With the line containing "Medisläraren Åsa Isaksson" as the final line, restate exactly every line of the data below from the first one onward, and copy no pictures.

-=-=-

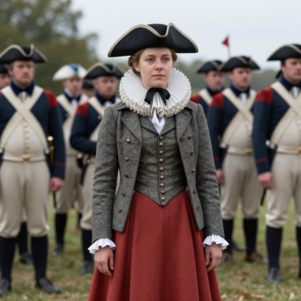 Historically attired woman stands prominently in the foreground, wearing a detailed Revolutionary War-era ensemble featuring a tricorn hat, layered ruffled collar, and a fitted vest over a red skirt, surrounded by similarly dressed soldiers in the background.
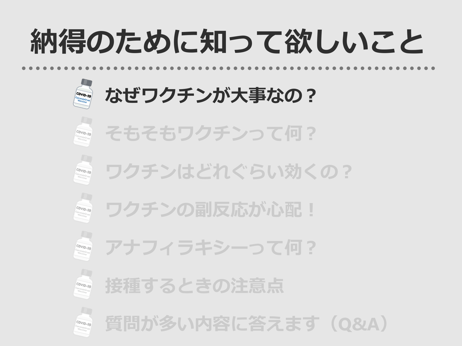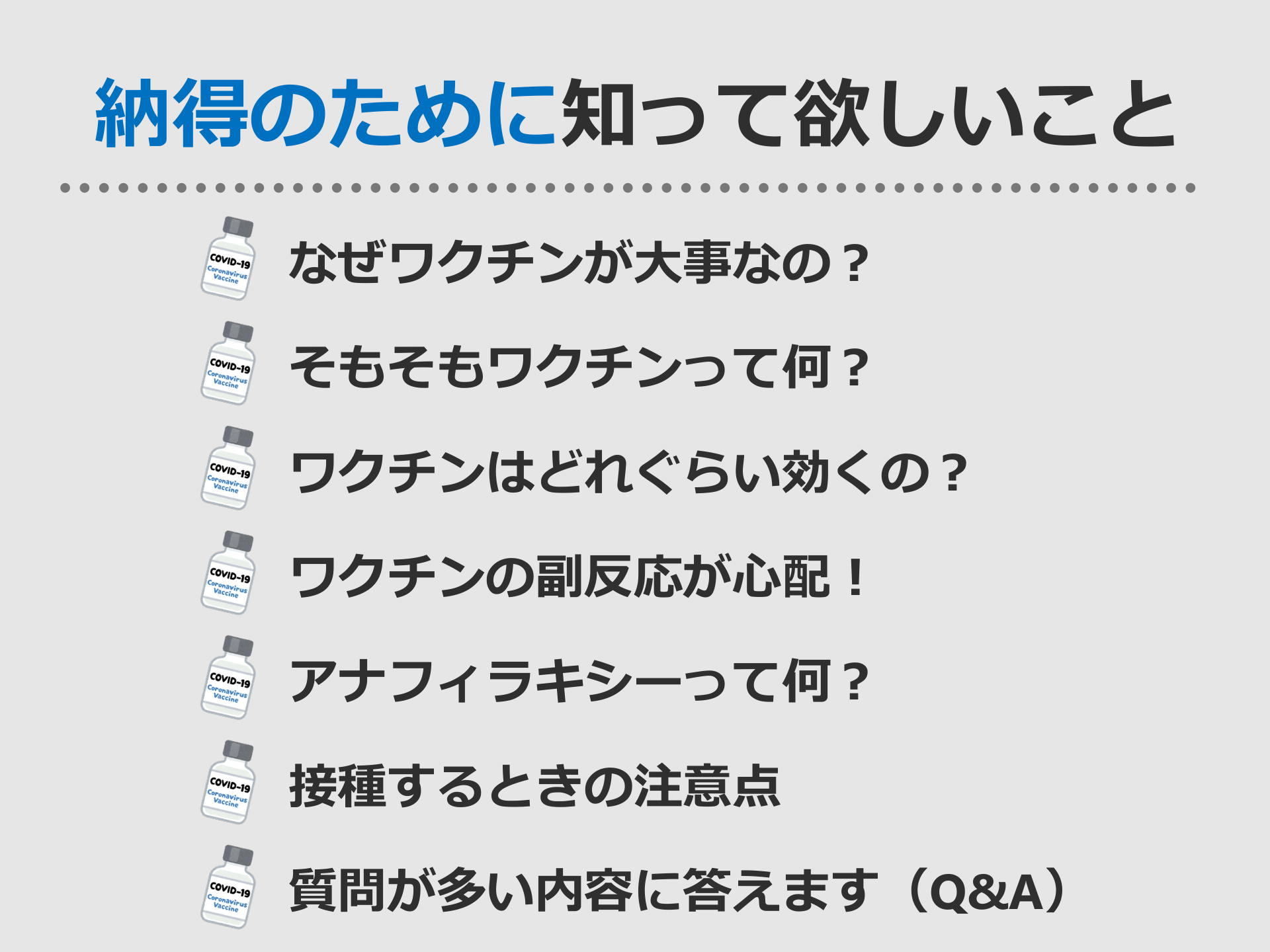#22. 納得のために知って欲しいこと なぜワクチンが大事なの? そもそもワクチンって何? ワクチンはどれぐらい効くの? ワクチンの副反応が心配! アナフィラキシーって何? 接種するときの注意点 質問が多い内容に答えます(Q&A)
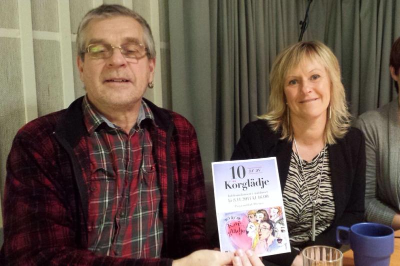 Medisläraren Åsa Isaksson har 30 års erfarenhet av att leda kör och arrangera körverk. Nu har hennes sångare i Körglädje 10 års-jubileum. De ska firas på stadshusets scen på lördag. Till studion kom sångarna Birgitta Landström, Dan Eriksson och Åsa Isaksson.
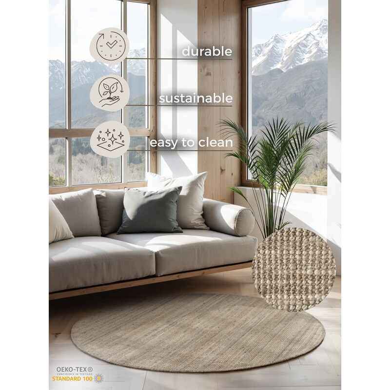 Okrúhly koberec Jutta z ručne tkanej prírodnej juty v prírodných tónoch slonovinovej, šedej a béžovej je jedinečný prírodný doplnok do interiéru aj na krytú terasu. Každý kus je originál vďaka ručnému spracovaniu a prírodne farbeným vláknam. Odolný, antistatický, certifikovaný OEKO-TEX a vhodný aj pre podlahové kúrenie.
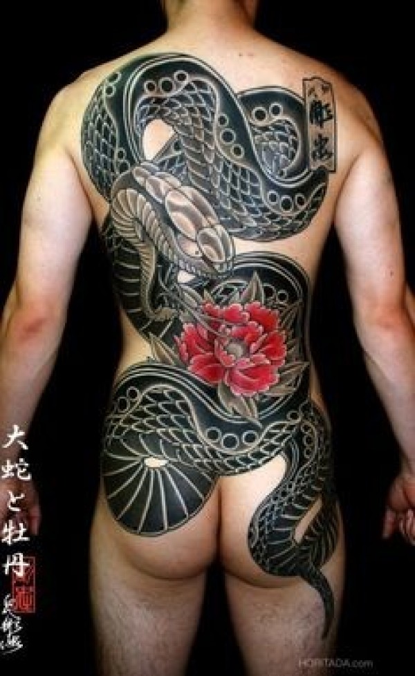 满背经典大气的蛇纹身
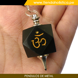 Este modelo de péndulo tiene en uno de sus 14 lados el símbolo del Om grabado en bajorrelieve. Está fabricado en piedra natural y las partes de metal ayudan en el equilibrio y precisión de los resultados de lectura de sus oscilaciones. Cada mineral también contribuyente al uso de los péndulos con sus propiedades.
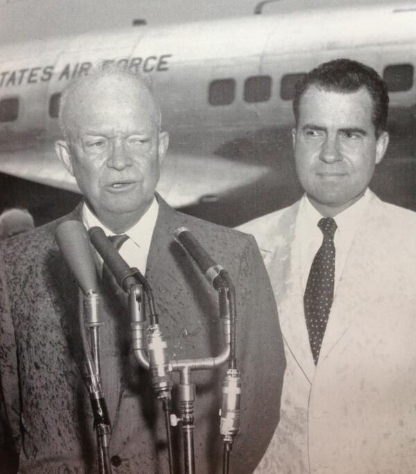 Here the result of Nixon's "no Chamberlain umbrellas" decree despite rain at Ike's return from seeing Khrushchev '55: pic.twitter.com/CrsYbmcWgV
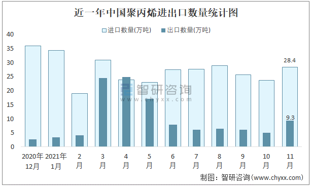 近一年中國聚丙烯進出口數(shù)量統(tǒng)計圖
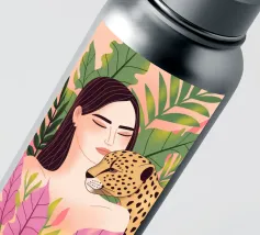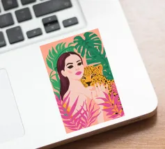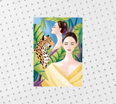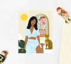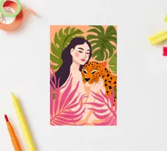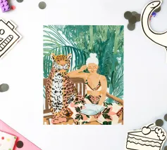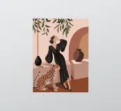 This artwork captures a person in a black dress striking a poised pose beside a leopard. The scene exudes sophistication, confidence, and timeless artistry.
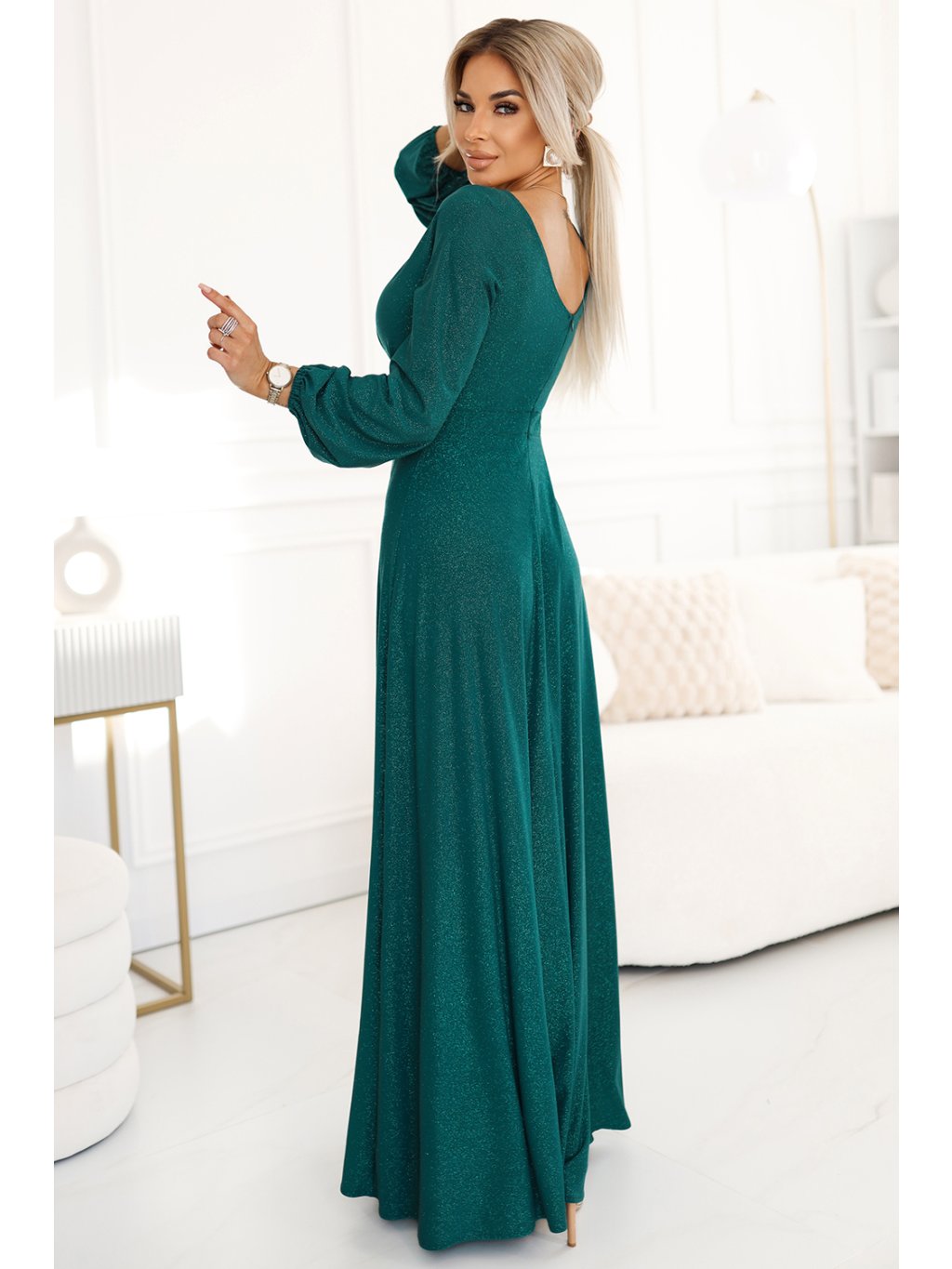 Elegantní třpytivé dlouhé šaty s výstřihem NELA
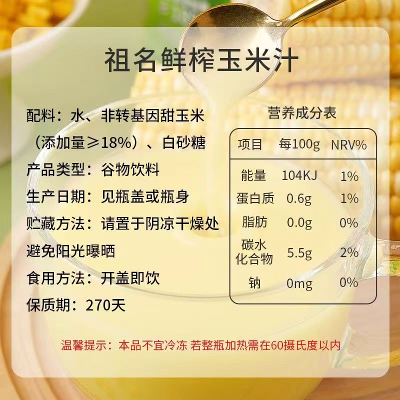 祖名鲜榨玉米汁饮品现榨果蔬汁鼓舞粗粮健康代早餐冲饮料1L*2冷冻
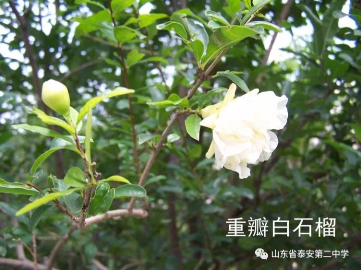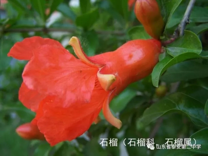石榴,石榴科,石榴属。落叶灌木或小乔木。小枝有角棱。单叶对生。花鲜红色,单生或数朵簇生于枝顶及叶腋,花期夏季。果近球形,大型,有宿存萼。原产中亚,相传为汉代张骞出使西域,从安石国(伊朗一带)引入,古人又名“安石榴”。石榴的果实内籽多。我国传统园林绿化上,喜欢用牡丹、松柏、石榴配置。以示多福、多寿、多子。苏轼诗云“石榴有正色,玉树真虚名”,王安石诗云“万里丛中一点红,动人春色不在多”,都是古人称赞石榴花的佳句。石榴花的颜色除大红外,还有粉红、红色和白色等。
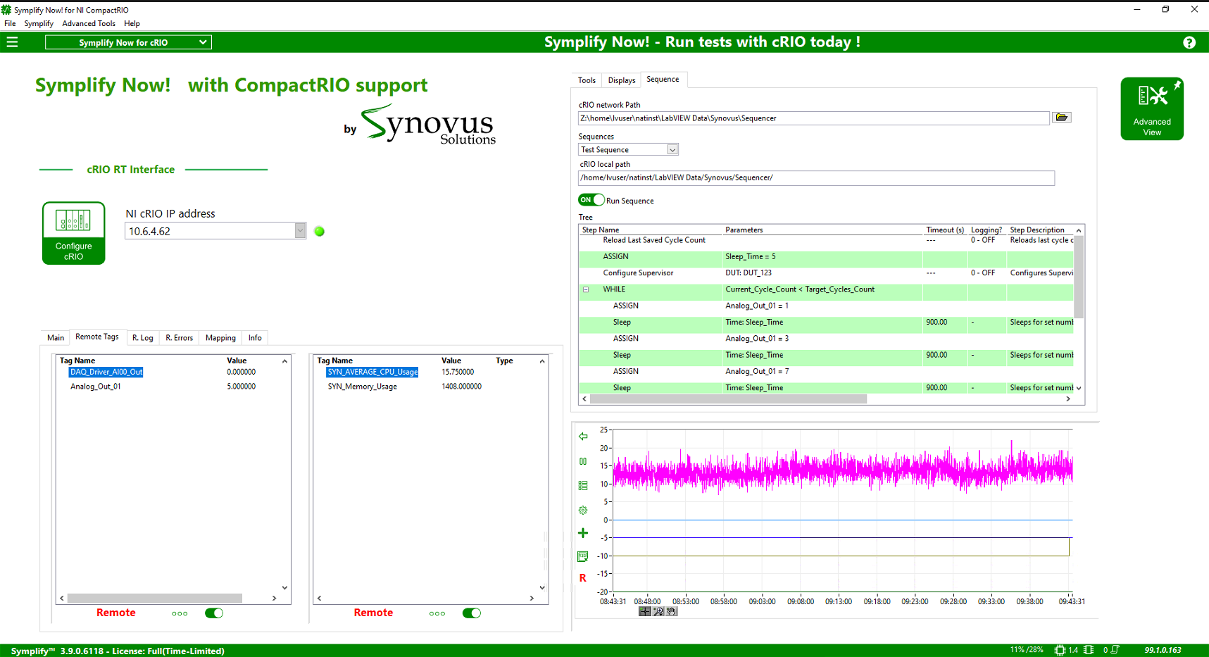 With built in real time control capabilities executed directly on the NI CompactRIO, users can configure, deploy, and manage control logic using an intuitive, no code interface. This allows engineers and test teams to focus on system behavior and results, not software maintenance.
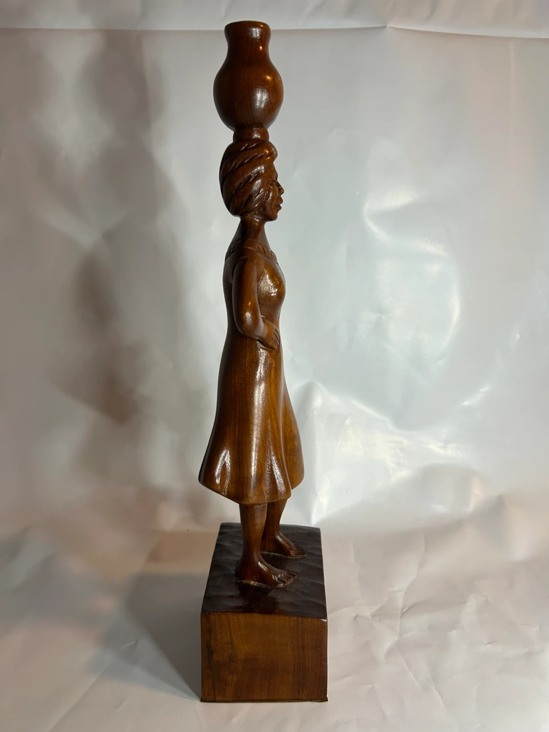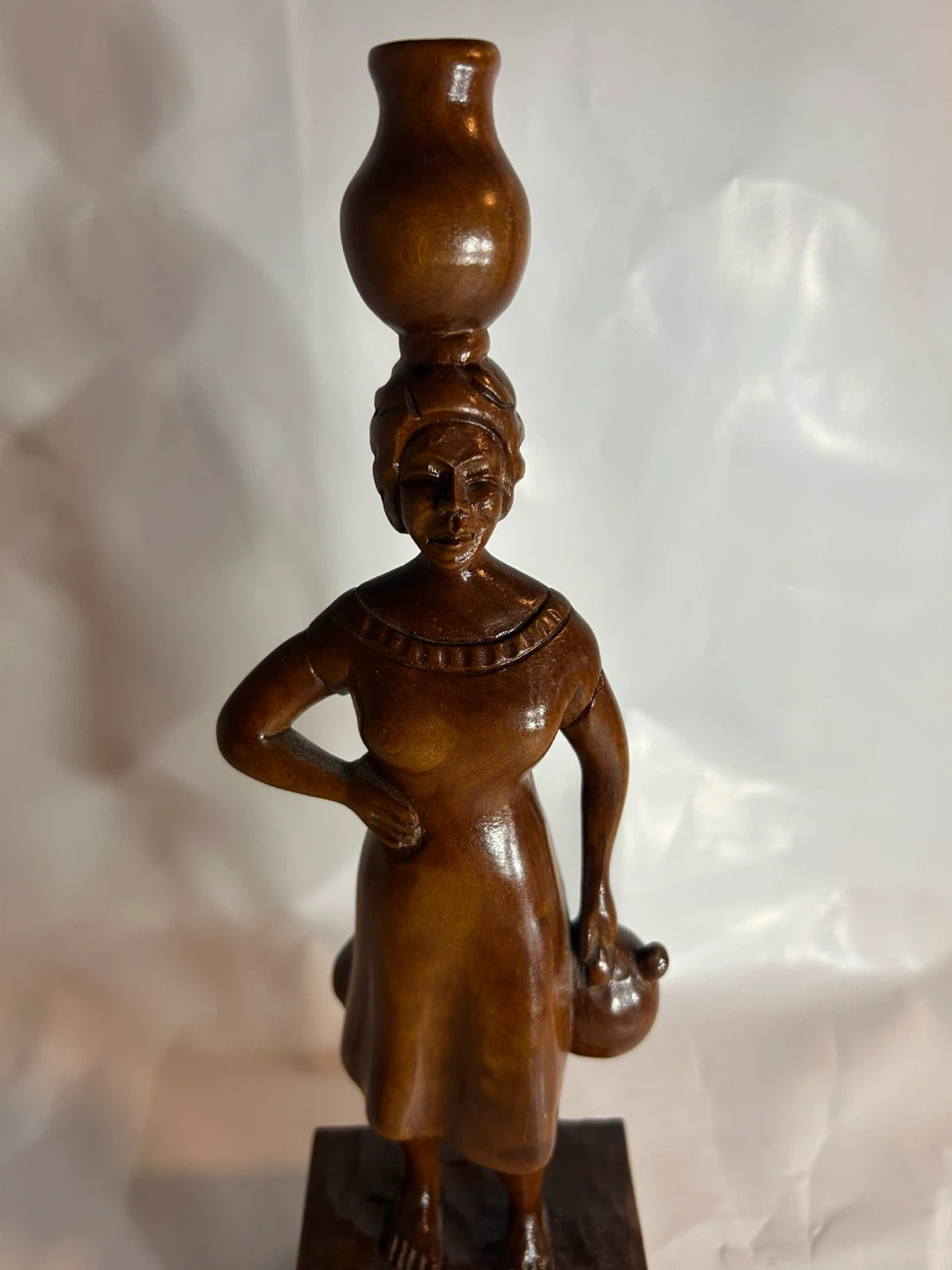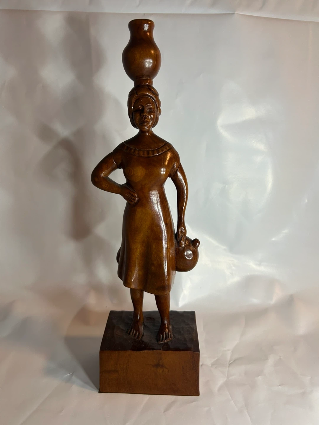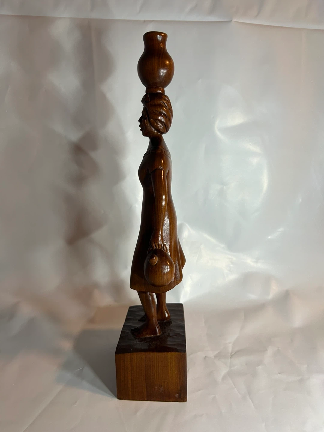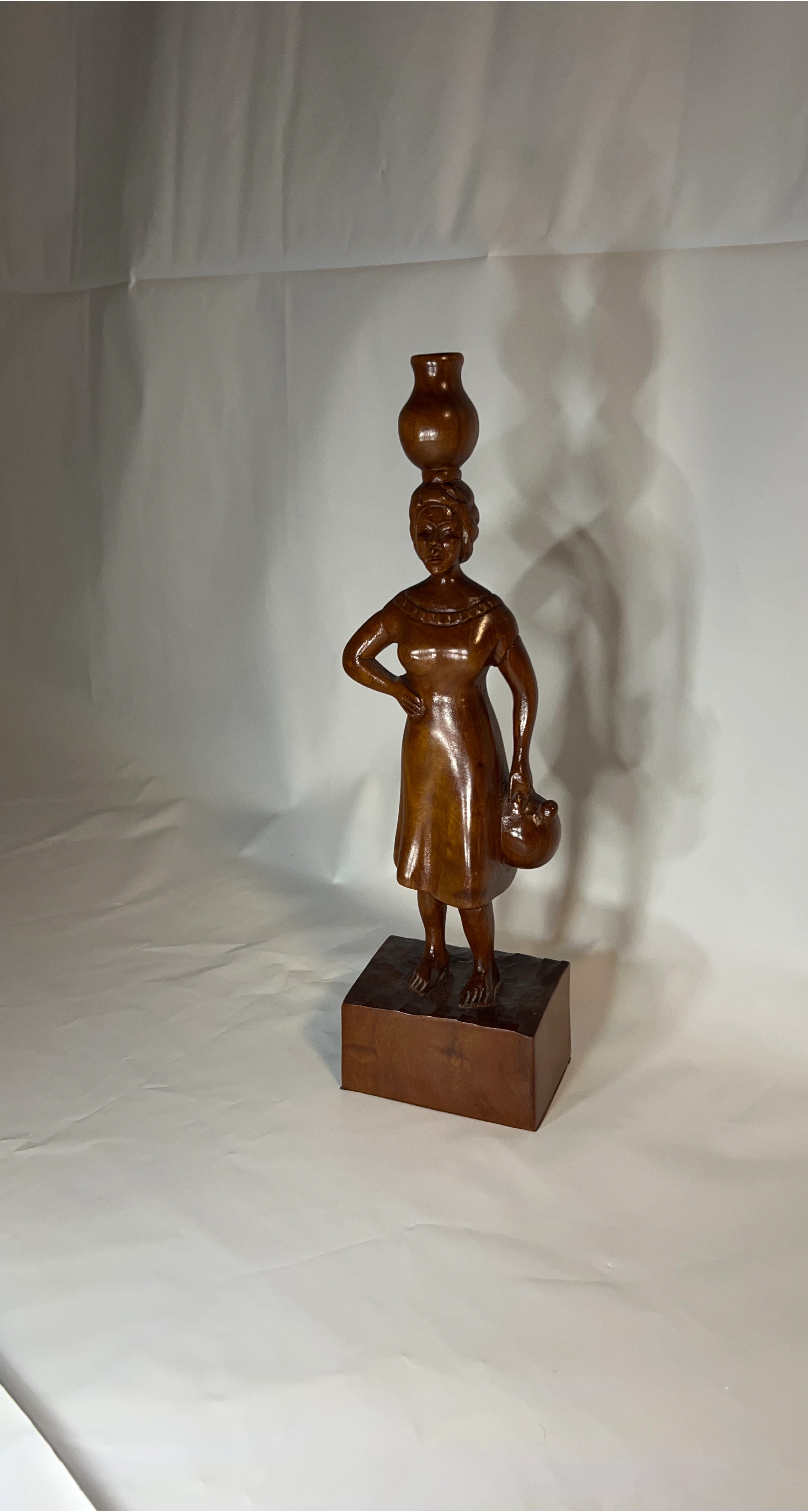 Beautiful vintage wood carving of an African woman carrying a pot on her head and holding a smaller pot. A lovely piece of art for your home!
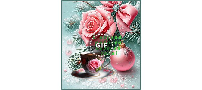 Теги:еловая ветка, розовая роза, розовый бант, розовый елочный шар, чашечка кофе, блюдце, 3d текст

-=-=-

Exercise result:
 Historically attired woman stands prominently in the foreground, wearing a detailed Revolutionary War-era ensemble featuring a tricorn hat, layered ruffled collar, and a fitted vest over a red skirt, surrounded by similarly dressed soldiers in the background.
#22. 納得のために知って欲しいこと なぜワクチンが大事なの? そもそもワクチンって何? ワクチンはどれぐらい効くの? ワクチンの副反応が心配! アナフィラキシーって何? 接種するときの注意点 質問が多い内容に答えます(Q&A)
 Medisläraren Åsa Isaksson har 30 års erfarenhet av att leda kör och arrangera körverk. Nu har hennes sångare i Körglädje 10 års-jubileum. De ska firas på stadshusets scen på lördag. Till studion kom sångarna Birgitta Landström, Dan Eriksson och Åsa Isaksson.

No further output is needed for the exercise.